3-year Height Outcomes in Children Treated with Growth Hormone for Growth Hormone Deficiency and other Growth Hormone Disorders
A study was presented at the 2011 Endocrine Society Annual Meeting on treating children with growth hormone for growth hormone deficiency (and other growth hormone-related disorders). It was called “Analysis of 3-Year Height Outcomes by Gender and Pubertal Status in Children Treated with Growth Hormone for Growth Hormone Deficiency and Other Growth Hormone-Related Disorders: Data from the ANSWER Program®.”
The study was done in America. Currently, long-term safety and efficacy data on pediatric patients treated with Norditropin® (somatropin rDNA origin) are being collected through a registry called American Norditropin Studies: Web-Enabled Research (ANSWER).
By October 2010, data were collected from 8,359 treatment-naïve pediatric patients who had isolated/idiopathic growth hormone deficiency (GHD; n=4,454), multiple pituitary hormone deficiency (MPHD; n=387), small for gestational age (SGA; n=461), idiopathic short statue (ISS; n=758), and Turner syndrome (TS; n=435).
The change from baseline in height standard deviation scares (ΔHSDS) were analyzed at years 1, 2, and 3.
At the start of growth hormone (GH) treatment, patients with MPHD (mean age 7.4±5.44 years), SGA (mean age 8.5±3.84 years), and TS (mean age 8.6±4.08 years) were generally younger than patients with other diagnostic categories. GHD mean was age 10.8±3.51 years, and for ISS, the mean age was 11.2±3.07.

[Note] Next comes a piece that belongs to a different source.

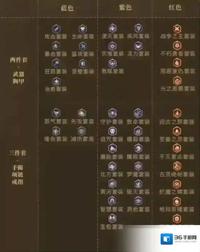 装备的套装分为三个等阶,按底色划分为蓝色、紫色红色。装备副本层数越高,掉落的套装等阶越高,套装效果越强力。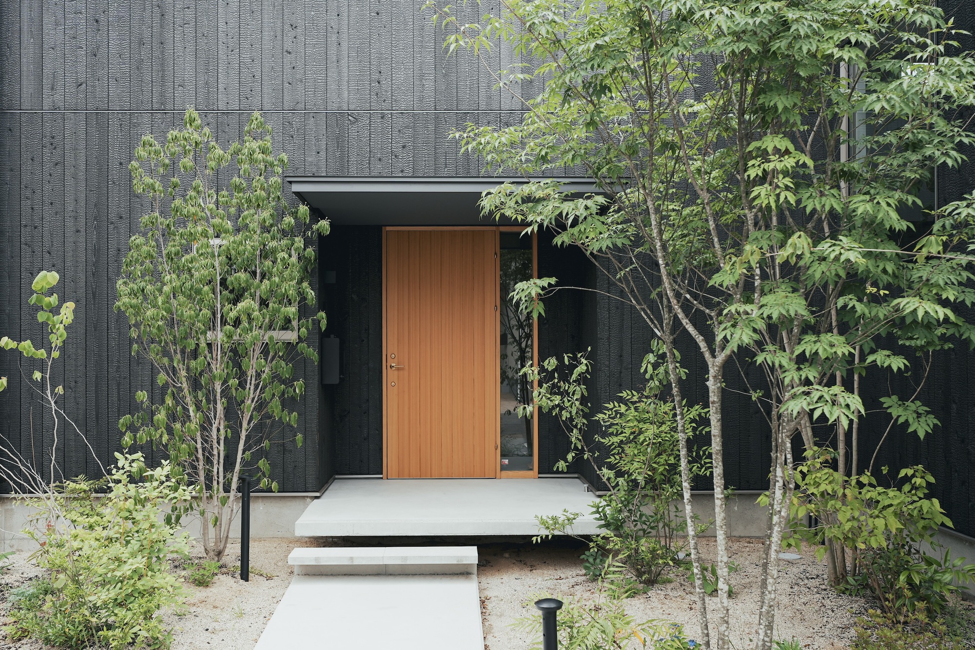 The exterior bears the signature of Ehime’s longstanding building practices with its Yaki-Sugi cladded walls a technique that involves the charring of Japanese cedar boards to create a naturally resilient and aesthetically pleasing surface. This somewhat antiquated yet enduring method not only resonates with the history of the locale but also embodies a tactile testament to the skills of the Daiku, or Japanese carpenter, bringing a touch of rustic allure to modern design.

Patients with MPHD and GHD had the lowest mean peak GH levels at baseline (MPHD: 3.1±3.03 ng.mL; GHD: 5.3±2.76 ng/mL). This is in comparison to other diagnostic categories; ISS had a mean peak GH level of 17.0±20.03 ng/mL, and SGA had a mean peak GH level of 13.8±12.63 ng/mL.
There were limited gender difference in DHSDS found across the diagnostic categories; a significant effect was observed in patients with GHD and SGA at year 1 (male>female; p=0.022).
Looking at pubertal status for patients with GHD, the best DHSDS at the third year was seen in patients were stayed in a prepubertal stage during the entire treatment period (1.51±0.86); this is compared to patients who were already pubertal when they began treatment (1.26±0.68) or patients who transitioned into the pubertal stage during the study (1.24±0.65).
Stratifying by age at beginning of treatment, younger patients demonstrated greater DHSDS than older patients—this is for all diagnostic categories for males and females. The overall DHSDS at year 3 for males <11 years old was 1.39±0.83; for males at least 11 years old, the overall DHSDS was 1.13±0.66 (p<0.0001). For females <10 years old, the overall DHSDS at year 3 was 1.26±0.88; for females at least 10 years, the overall DHSDS was 1.10±0.78 (p=0.0089). There were similar results at years 1 and 2.
The researchers stress that this data emphasize the importance of starting GH treatment at a younger age; the study showed that 3 years after starting GH treatment, a better growth response was seen in younger and prepubertal children.